EDIT: one way to prove this is to use $z=x+iy$ and $\overline{z}=x-iy$, and observe that every (complex) polynomial in $x,y$ can be rewritten as such in $z$ and $\overline{z}$. Let $\partial=\partial/\partial z$ and $\overline{\partial}=\partial/\partial \overline{z}$. Now, of course, it's not clear what these are, except as expressing them in terms of $x,y$. Indeed. Ok, but it is not hard to prove the key lemma, that $\overline{\partial}z=0$ and $\partial \overline{z}=0$. Also, check that the Laplacian is $\partial \circ \overline{\partial}=\overline{\partial}\circ \partial$. Also, check that the obviously-different monomials in $z$ and $\overline{z}$ are linearly independent. Then show that $\partial(P(z,\overline{z})=0$ for a polynomial in these two occurs if and only if $z$ does not appear. And similarly for $\overline{z}$.

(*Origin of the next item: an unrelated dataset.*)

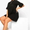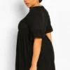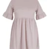BOOHOO Plus Soft Rib Ruffle Smock Dress

Then annihilation by the Laplacian is $\partial(\overline{\partial}P)=0$, so $\overline{\partial}P$ must have no $z$'s in it. Thus, $P$ itself must have only monomials that purely involve $z$, or purely involve $\overline{z}$.
(Yes, this argument is an algebraic emulation of some things about holomorphic functions...)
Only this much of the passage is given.